It’s hard for us to imagine how much the Jews hated the Samaritans.  And vice versa.  There antagonism between these two peoples went back centuries and was all the more intense because they were so closely related.  

We traditionally call this parable the story of the Good Samaritan, but in the minds of those who were listening to Jesus, the words “good” and “Samaritan” would never go together.  It was an oxymoron.  Samaritans were the enemy.   The people listening to Jesus as he tells this story might have thought, “If I were the man in the ditch, I would rather die than admit that I was saved by a Samaritan.”  In their minds, Samaritans were something less than fully human.  

So how did things get to be that way between the Jews and the Samaritans?  Well, centuries before Jesus, in the time of Jacob, Samaria was called Shechem, and it was a Prince of Shechem who raped Jacob’s daughter, Dinah.  In the time of the Judges, the false judge Abimelech, who murdered all his rivals, came from Shechem.  For a time, Shechem became part of the united kingdom of Israel under David and Solomon, but after Solomon died, the Northern Kindom of Israel—which had been Shechem—broke away and a kind of low-grade civil war broke out that continued for generations.  When the Assyrians conquered the Northern Kingdom which was now called both Israel and Ephraim, they brought in people from other conquered kingdoms to resettle and then renamed the land Samaria after the capital city.  That’s also when the people of Judah began to refer to Samaritans with a kind of racial slur,  calling them “the people with 5 fathers.”  But the thing that the people of Judah found absolutely unforgiveable forever and ever amen, was that when they returned to Jerusalem after their time of captivity in Babylon, Sanballat, the governor of Samaria, joined forces with other people in the region and attacked them to try to stop them from  rebuilding the city wall and the temple.

For their part, the Samaritans called themselves the Shamerim, meaning “guardians” or “observers” of the Law.  They had built their own temple on Mt.
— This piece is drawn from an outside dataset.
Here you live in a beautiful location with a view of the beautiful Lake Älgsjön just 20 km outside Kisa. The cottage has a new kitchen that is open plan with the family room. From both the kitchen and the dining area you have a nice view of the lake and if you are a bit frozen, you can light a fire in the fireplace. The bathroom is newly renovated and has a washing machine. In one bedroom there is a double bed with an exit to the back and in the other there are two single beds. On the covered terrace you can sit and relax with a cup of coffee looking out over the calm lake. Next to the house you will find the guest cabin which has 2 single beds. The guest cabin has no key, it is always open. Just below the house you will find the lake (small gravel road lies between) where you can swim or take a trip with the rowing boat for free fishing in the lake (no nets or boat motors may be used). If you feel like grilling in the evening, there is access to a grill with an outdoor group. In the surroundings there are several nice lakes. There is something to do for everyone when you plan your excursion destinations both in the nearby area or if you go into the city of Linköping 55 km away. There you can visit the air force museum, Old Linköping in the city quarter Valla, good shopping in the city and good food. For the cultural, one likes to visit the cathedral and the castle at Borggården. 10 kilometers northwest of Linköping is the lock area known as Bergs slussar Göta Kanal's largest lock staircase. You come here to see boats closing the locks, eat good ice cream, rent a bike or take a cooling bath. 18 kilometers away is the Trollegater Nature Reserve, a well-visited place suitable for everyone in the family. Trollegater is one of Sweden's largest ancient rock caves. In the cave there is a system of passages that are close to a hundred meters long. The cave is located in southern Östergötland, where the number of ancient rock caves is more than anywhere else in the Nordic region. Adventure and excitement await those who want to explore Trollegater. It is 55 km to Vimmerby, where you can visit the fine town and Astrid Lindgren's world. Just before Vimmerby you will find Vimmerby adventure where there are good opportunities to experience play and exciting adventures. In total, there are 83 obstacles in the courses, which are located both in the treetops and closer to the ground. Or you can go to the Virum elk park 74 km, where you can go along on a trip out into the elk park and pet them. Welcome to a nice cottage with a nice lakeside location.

Gerizim and they had their own version of Torah, which they insisted was the “true” version.  They believed that only Torah—their Torah, of course—contained the word of God and they did not include the writings and the prophets among the books they regarded as holy.

For Jews, Samaritans were the ultimate “other.”  For Jesus to cast the Samaritan as the benevolent hero was almost beyond belief.  It would be like an ultra-orthodox Jew being saved by a Hamas Palestinian.  To bring it closer to home, it would be like someone wearing a Black Lives Matter shirt being saved by someone wearing the Confederate stars and bars and a red MAGA baseball cap.  
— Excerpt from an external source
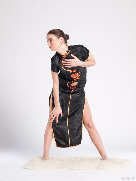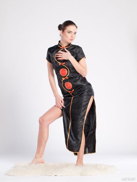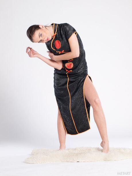 Thin teen Lachia A strips to show her tiny tits & hairy pussy close up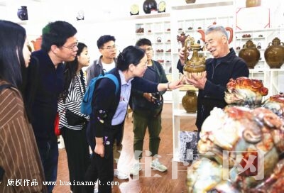 安徽省非物质文化遗产项目寿州窑制作技艺代表性传承人沈德亮从艺近60年,积累了丰富的陶瓷制作经验,其研发的文房用具、花盒、香炉等系列陶瓷作品具有独特的文化内涵。沈德亮坚持义务传艺,传承弘扬寿州窑陶瓷技艺。图为沈德亮向淮南师范学院学生讲解陶瓷制品技艺。(通讯员 潘雪洁 记者 朱庆磊 编辑 汤宁)

Who would it be for you?  Who is that ultimate “other” who, in your mind, only just barely qualifies as a real person?  Who is it who, in your mind, seems to be so radically different from you that there’s really no point in even talking to them?  Or maybe there’s someone who sees you that way.  How would you feel if it was one of those people who pulled you out of the ditch?
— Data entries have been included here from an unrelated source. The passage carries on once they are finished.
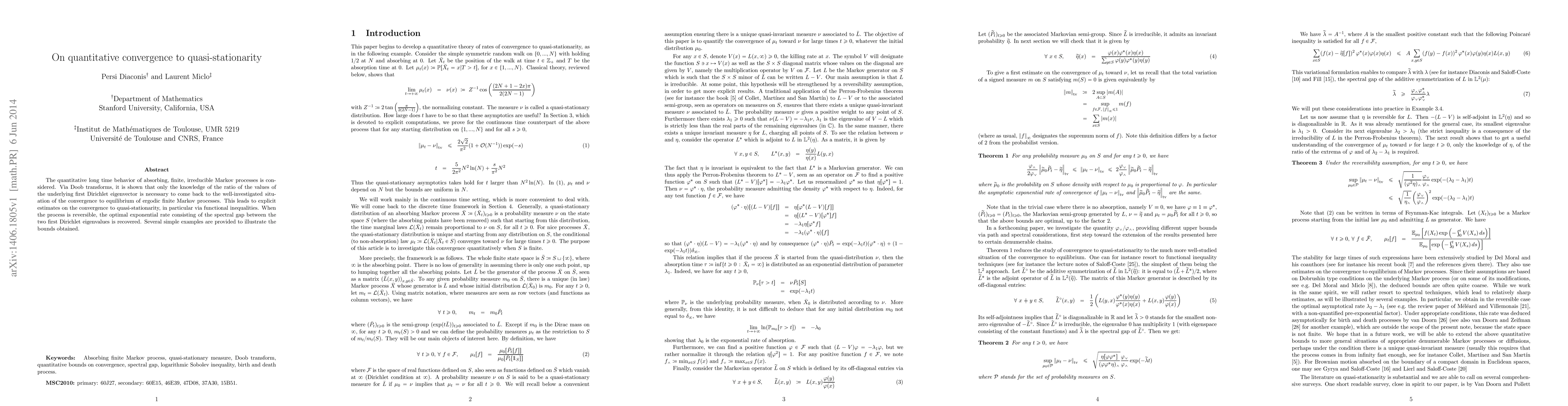 This paper studies how Markov processes converge to quasi-stationarity over long periods, showing that only knowing the ratio of certain eigenvalues is needed to analyze convergence. It provides explicit estimates using functional inequalities and recovers optimal exponential rates in reversible cases.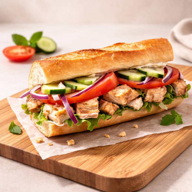 Baguette artesanal recién horneado, con pechuga de pollo al sartén (60g), vegetales frescos y nuestros aderezos irresistibles.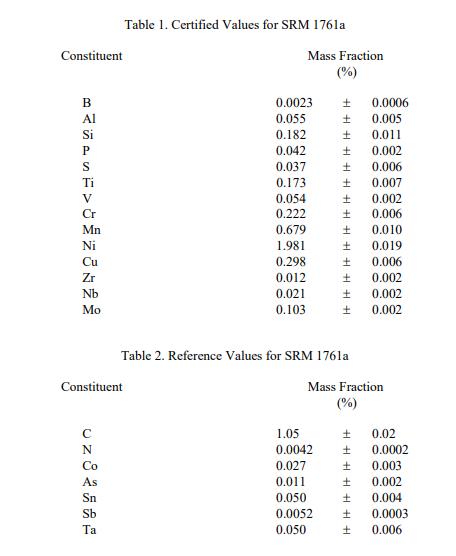 SRM 1761a 的值分配基于此 SRM 與原始 SRM 1761 的完整、高精度比較。SRM 1761a 的材料被證明與所有元素的原始材料沒有區(qū)別,除了 C、N 和 V . SRM 1761a 的賦值被認(rèn)為可以直接追溯到用于 SRM 1761 賦值的主要參考物質(zhì)和校準(zhǔn)。C 和 N 的賦值是使用基于 SRM 1761 的校準(zhǔn)通過燃燒和紅外檢測獲得的。V 的賦值是通過 X 射線熒光光譜法獲得的基于低合金鋼 SRM 1761 至 1768 的校準(zhǔn)。在此證書中列出了賦值中采用的測試方法。

The lawyer had asked Jesus, “Who is my neighbor?”  Jesus reframed his question.  Jesus wants us to understand that the question is not “who” merits my love or even “from whom” should I expect love.  As Amy-Jill Levine wrote, “The issue for Jesus is not the ‘who,’ but the ‘what,’ not the identity but the action.”  Love—loving God, loving your neighbor, loving yourself—is revealed in action.  Love does not exist in the abstract; it must be enacted.

The Priest and the Levite did not act in love even though their law and duty commanded that they should.  In his sermon on this parable shortly before he was assassinated, Martin Luther King, Jr. had an explanation for why they did not help:  “I’m going to tell you what my imagination tells me.  It’s possible these men were afraid… And so the first question that the priest and the Levite asked was, ‘If I stop to help this man, what will happen to me?’ … But then the Good Samaritan came by, and he reversed the question:  ‘If I do not stop to help this man, what will happen to him?”

The Samaritan gave first aid to the man at the side of the road.  He put him on his donkey and took him to the nearest inn where he could receive more help.  He paid the innkeeper two days wages to take care of the wounded man and then gave him a promise that amounted to a blank check.  “Take care of him,” he said, “and when I come back, I will repay you whatever you spend.”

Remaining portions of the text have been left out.